As emissões globais de gases de efeito estufa estavam em cerca de 52 GtCO2e (gigatolenadas de CO2 equivalente) em 2016. As projeções indicam que em 2030,  será entre 52 a 58 GtCO2e por ano. . Emissões anuais precisam cair pela metade (25-30 GtCO2e por ano) em 2030 para limitar o aquecimento a 1,5˚C.

"Manter o aquecimento global em um nível inferior a 1,5°C, em vez de 2°C, será muito difícil, mas não é impossível", disse o presidente do IPCC, Hoesung Lee, na apresentação do relatório.

Para isso, os cientistas alertam que serão necessárias "mudanças rápidas, vastas e sem precedentes" em nível global. Ou seja, agora seria o momento ideal para enfrentar essa realidade, o mundo teria uma pequena “janela de oportunidade” para reverter a situação a tempo.

Mas para alcançar essa meta, será preciso que os governos encarem a sustentabilidade como prioridade política, com mudanças na matriz de transportes, o investimento em energia limpa, uma agropecuária com menos carne bovina, indústrias mais inteligentes, a diminuição do desmatamento e o uso de energia renovável.

As mudanças climáticas já são uma realidade. Mas falta vontade política para combate-la e o engajamento da população e das industrias em questões socioambientais. “Os próximos anos serão provavelmente os mais importantes na história humana", disse Debra Roberts, copresidente do IPCC.

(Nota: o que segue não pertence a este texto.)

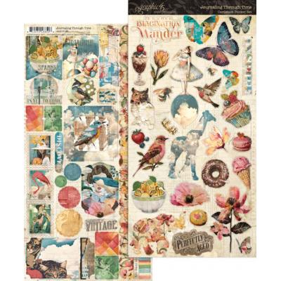 Bunt und etwas surreal kommt die Kollektion "Journaling Through Time" von Graphic 45 daher. Viele Tiere, Blumen, Figuren und Leckereien sowie passende Texte sind phantasievoll gestaltet.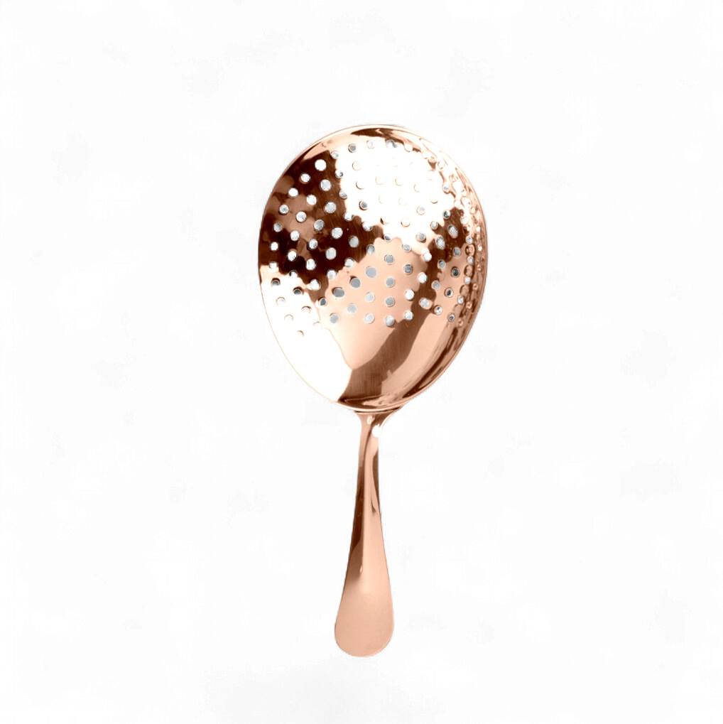 Een klassieke julep strainer met copper finish voor het gecontroleerd uitschenken van stirred cocktails uit een mixing glass. Een verfijnde bartool met meer warmte, meer karakter en een rijkere uitstraling achter de bar.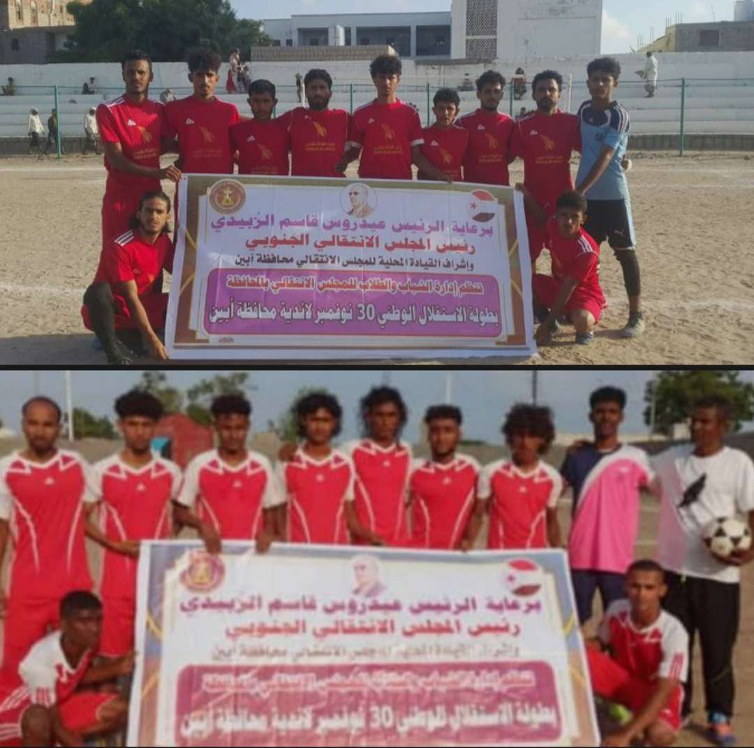 يسدل الستار عصر الخميس القادم على كأس بطولة الاستقلال لاندية أبين في لقاء قوي ومثير يجمع ناديي حسان والحضن في ختام مباريات الدوري ،الذي اقيم برعاية من الرئيس عيدروس الزبيدي رئيس المجلس الانتقالي الجنوبي، واشراف انتقالي أبين ، وتنظيم ادارة الشباب والطلاب بانتقالي المحافظة ، الذي شارك فيه 22 نادي قسمت إلى أربعة تجمعات .
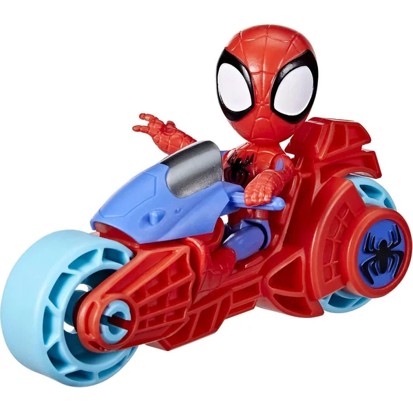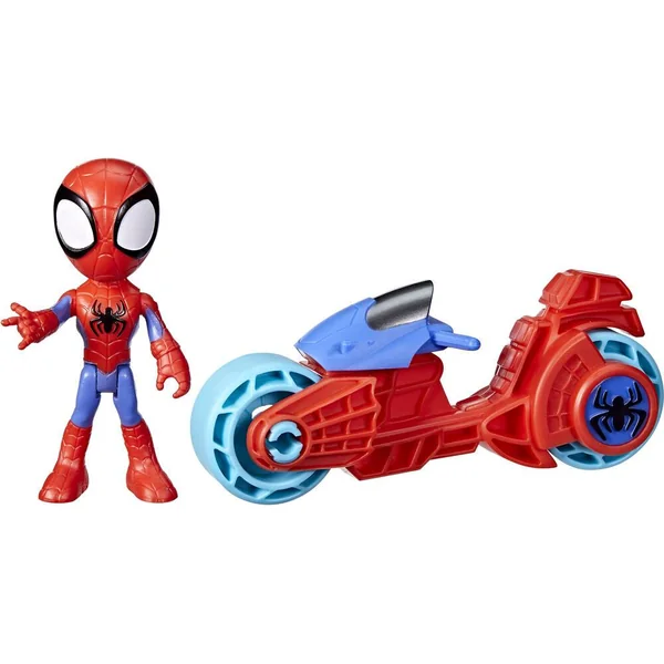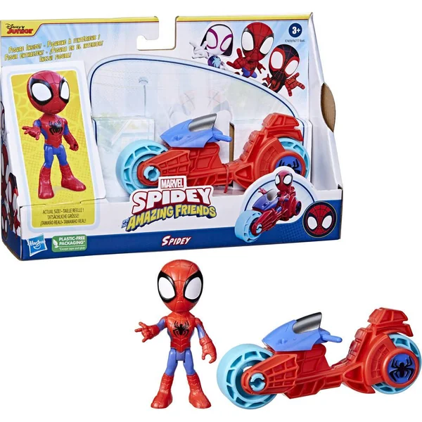 Figurine articulée de Spidey et sa moto. Issue du dessin animé Spidey et ses amis extraordiaires. Taille 10 cm.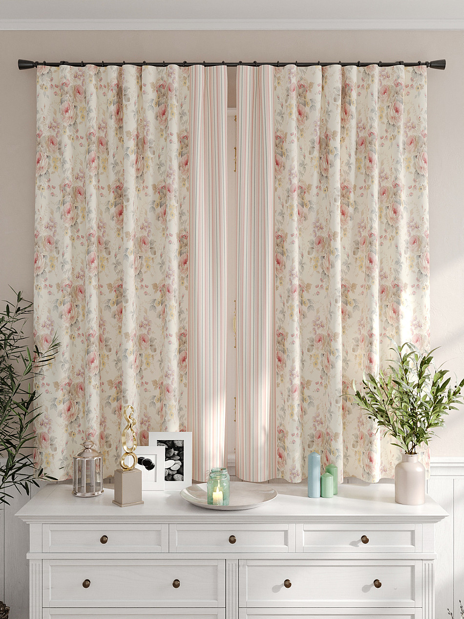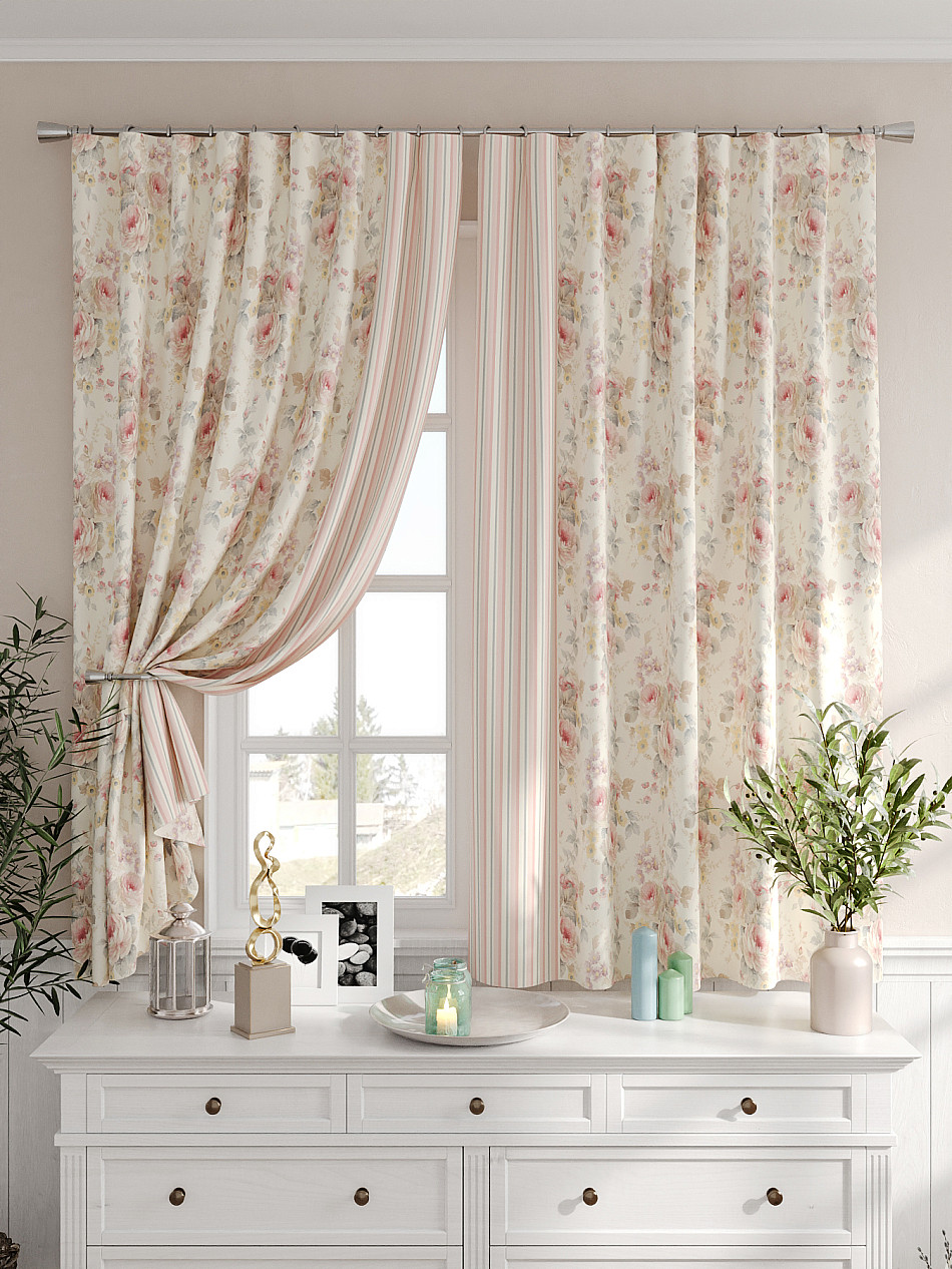 Портьеры 2 шт. Комплект штор из легкой портьерной ткани (габардин) оформлен печатным рисунком. Печатный рисунок дает широкие возможности обновить интерьер фактически не требуя ремонта за счет огромного выбора. Ткани с печатным рисунком безопасны и не содержат токсичных веществ. Не смотря на то, что материал легкий, он имеет высокую плотность, мало загрязнятся и не требует особого ухода даже после стирки, что важно для кухонных занавесок. Шторы не выцветают, не растягиваются, превосходно драпируются, образуя струящиеся складки. Прекрасное решение для создания красоты и уюта с помощью уникальных дизайнов.
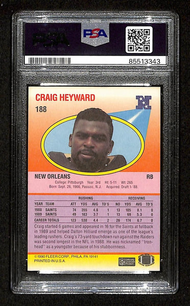 Craig Heyward Signed/Autographed 1990 Fleer #188 New Orleans Saints. This card is authenticated by PSA/DNA and is encapsulated in their Tamper-proof Plastic Case.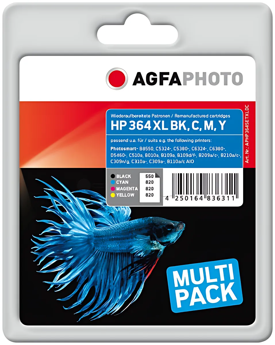 AgfaPhoto APHP364SETXLDC Tintenpatrone MultiPack Bk,C,M,Y 11ml + 3x5ml VE=4 (ersetzt HP 364XL)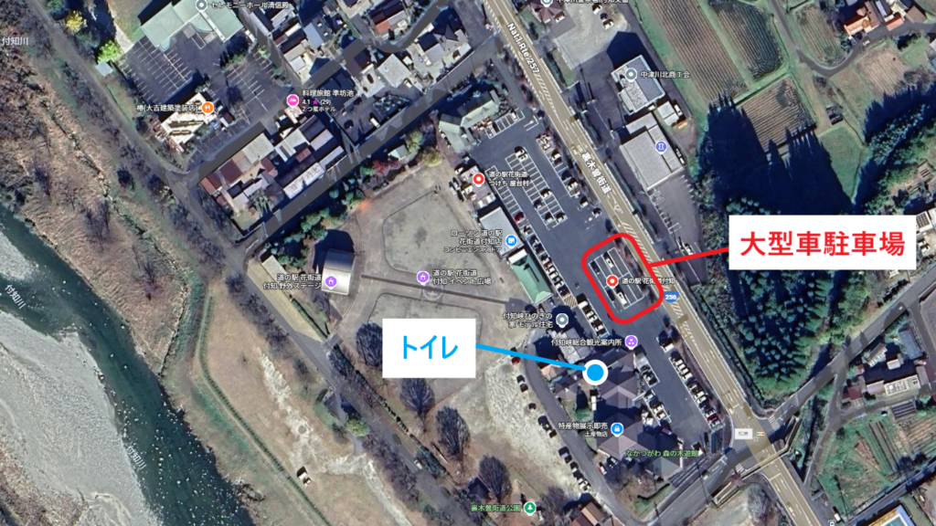 トイレ付近の駐車場は、トイレまでの距離を気にしなくていいメリットがあるものの、大型車駐車場との距離が近く、アイドリングの影響をもろに受けてしまいます。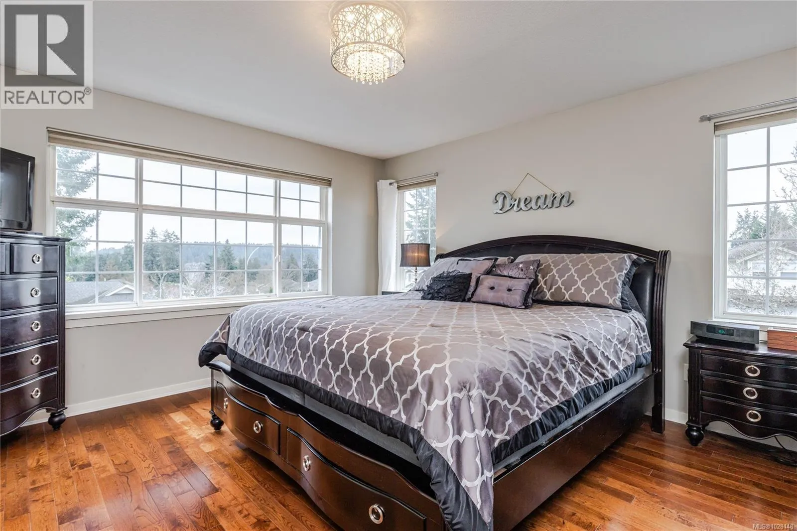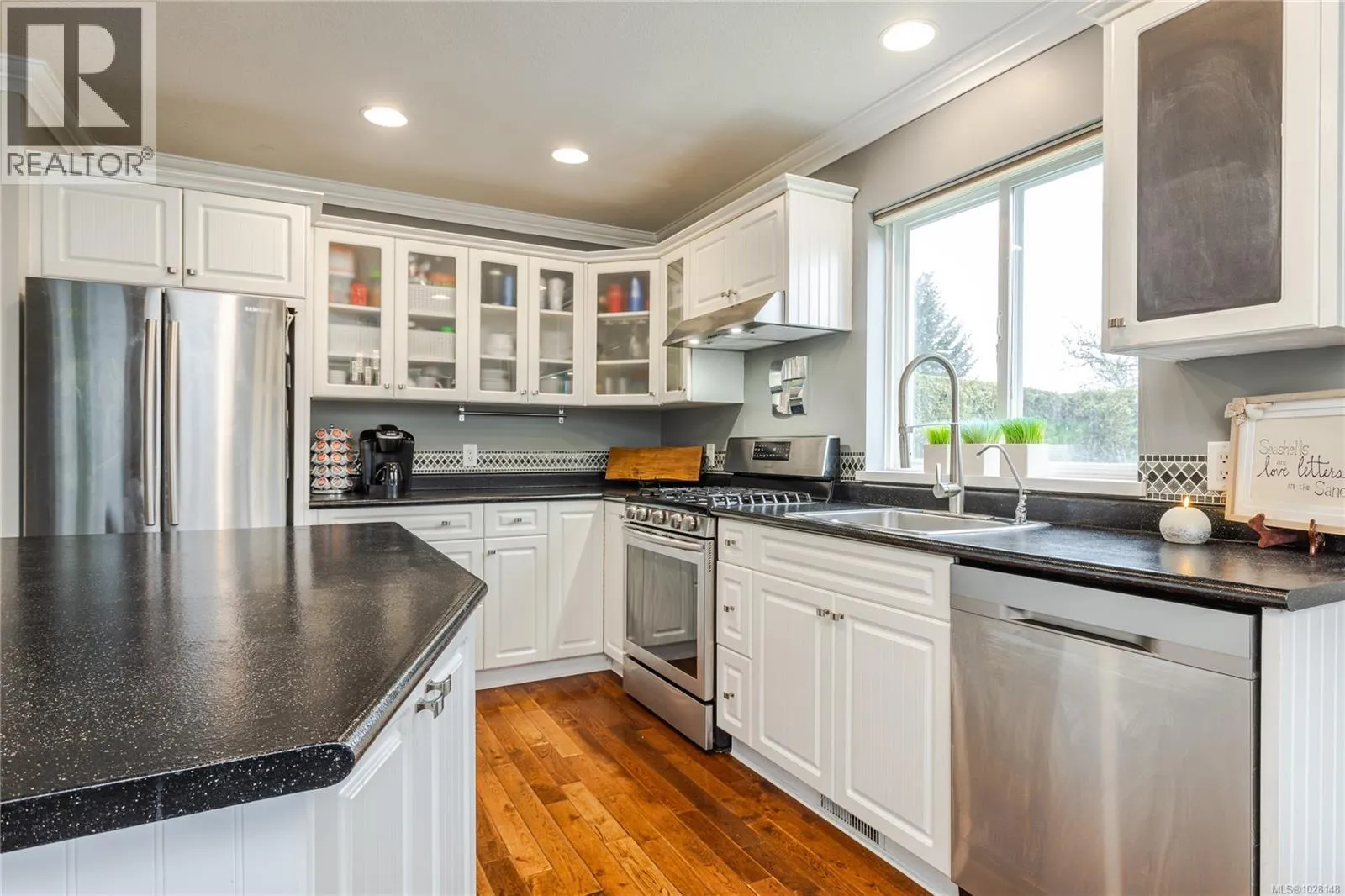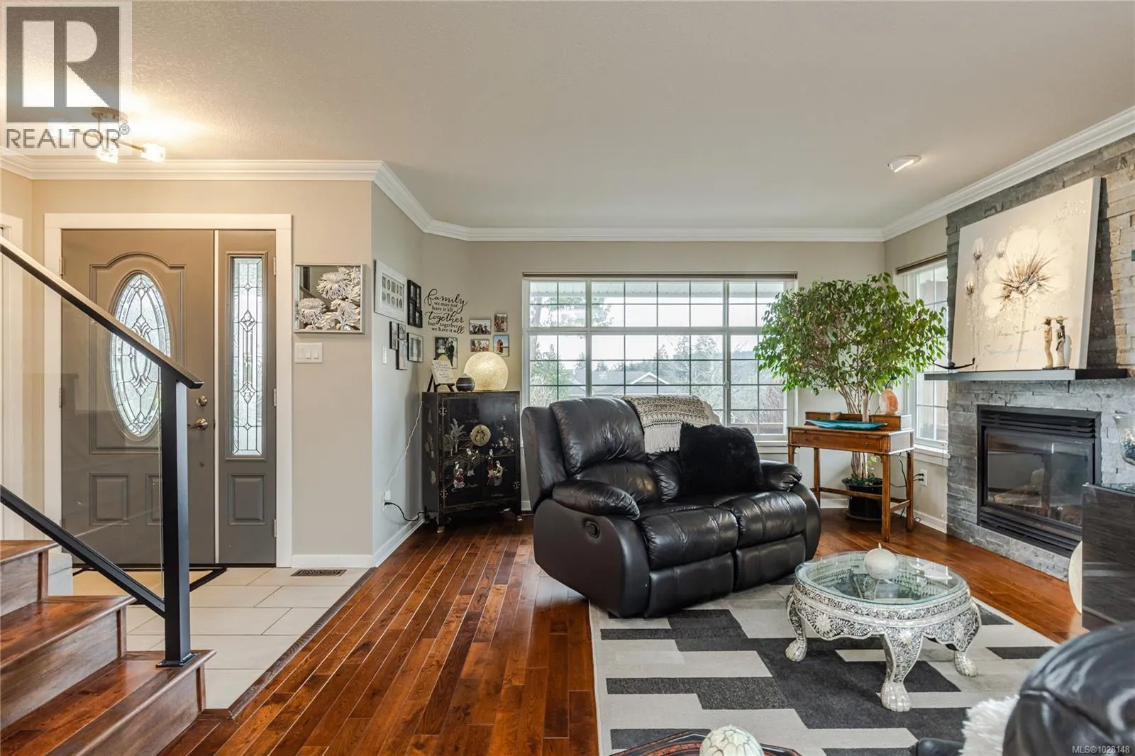 Situated on a spacious 8,973 sq ft corner lot in the heart of Chase River, where space and privacy are truly valued. This impressive home offers 4 bedrooms and 3 bathrooms between 2 levels and shows even better in person. A charming covered front porch welcomes you inside, where pride of ownership is clearly evident. The main level features continuous hardwood flooring, a bright and spacious living room with a natural gas fireplace, an inviting open-concept kitchen that flows through to the adjoining dining and family rooms. The family room is enhanced by French doors opening to an enchanting covered patio, creating a wonderful indoor-outdoor atmosphere. Upstairs, a glass-railed staircase leads to the primary bedroom with walk-in closet and ensuite, 3 additional sun-filled bedrooms and a main bathroom. A heat pump provides economical year-round comfort. Completing the home is a spacious dbl garage, ample driveway space for 5 vehicles and enclosed RV parkingâperfect for all your toys. All measurements are approx. and must be verified if relied upon. (id:27476)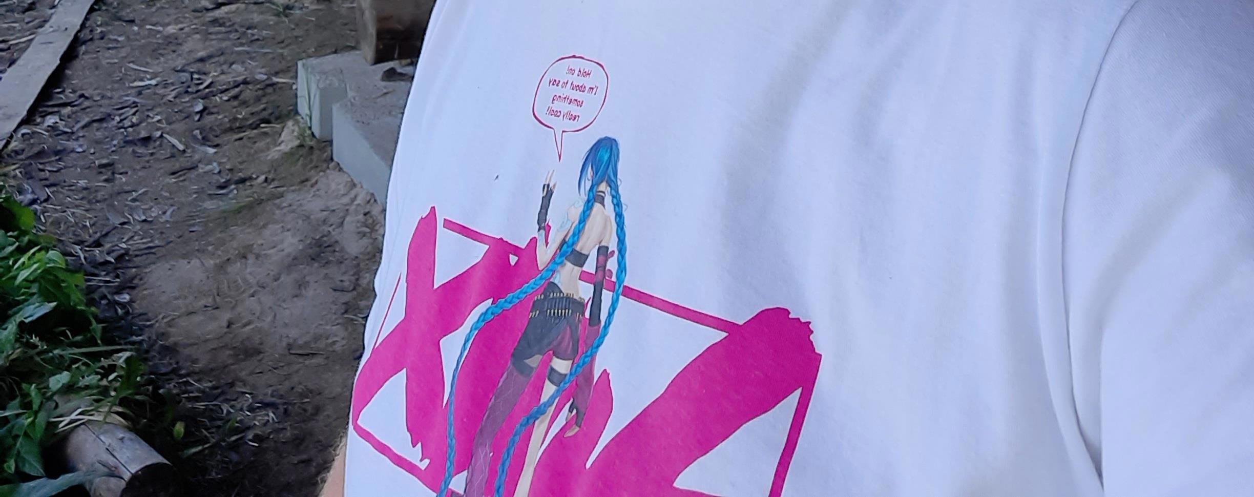 В одном магазине одежды была распродажа, а большому дылде (чуть дилдо не написал) по имени Basill (имя вымышленное, чтобы никто не догадался) нужна была футболка. Он взял какую-то белую с девушкой у которой синяя шевелюра.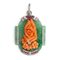 Pendente in oro, brillanti, rubini, corallo su elemento in giada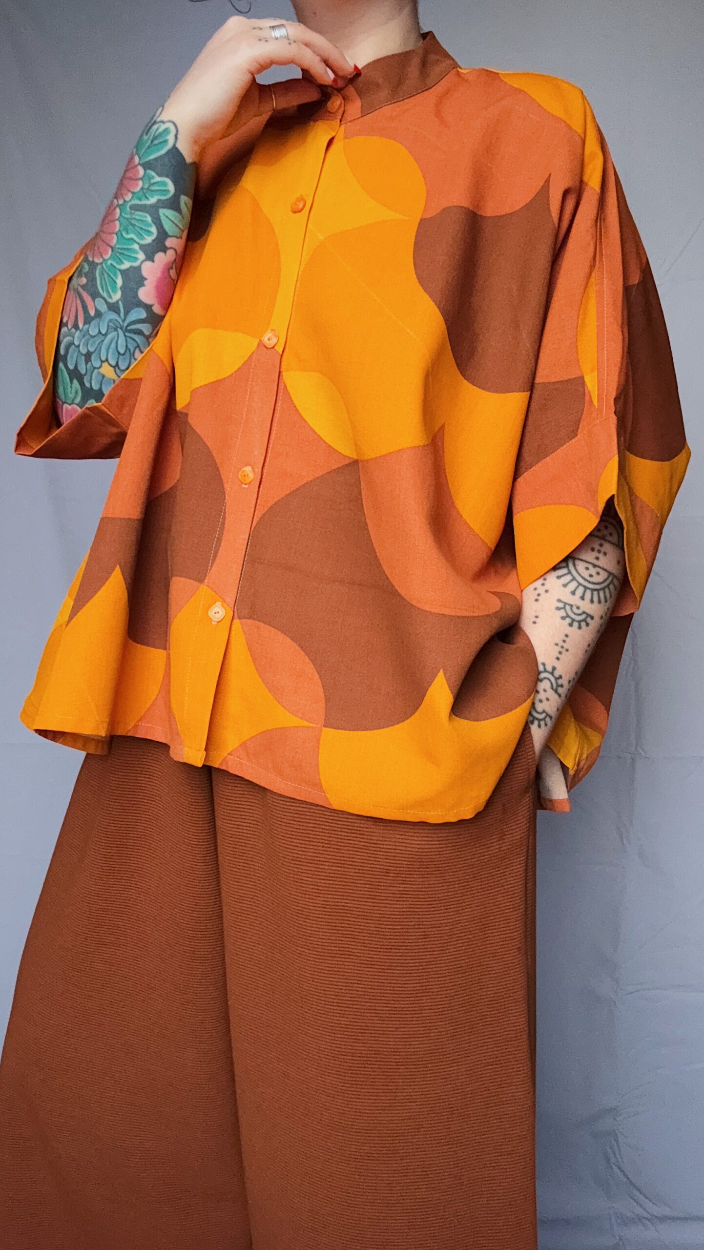 La chemise carrée est une coupe oversize unisexe, pouvant se porter fermée, légèrement ouverte pour un joli décolleté, ou encore totalement ouverte comme un petit gilet d’été !

Em todos os países, seria necessário cortar as emissões de carbono praticamente pela metade durante a próxima década. Além disso, seria preciso multiplicar por cinco o investimento atual no setor tecnológico para atingir a máxima eficiência energética.

Para especialistas, a meta de aquecimento de 1,5°C é completamente irrealista, já que impactaria a economia global, ainda muito dependente dos combustíveis fosseis. O uso de energia primária por carvão mineral, por exemplo, teria que cair em dois terços até 2030. Em 2050, as energias renováveis precisarão representar entre 70-85% da eletricidade para que o aquecimento seja limitado.

O IPCC acredita que a humanidade já possui conhecimento cientifico, capacidade tecnológica e recursos financeiros suficientes para enfrentar as mudanças climáticas. O que falta é a vontade política. No encontro da Polônia, cujo propósito é discutir formas de implementar o Acordo de Paris, líderes globais estarão sob pressão para elevar a ambição de seus planos nacionais para a redução das emissões de gases causadores do efeito estufa.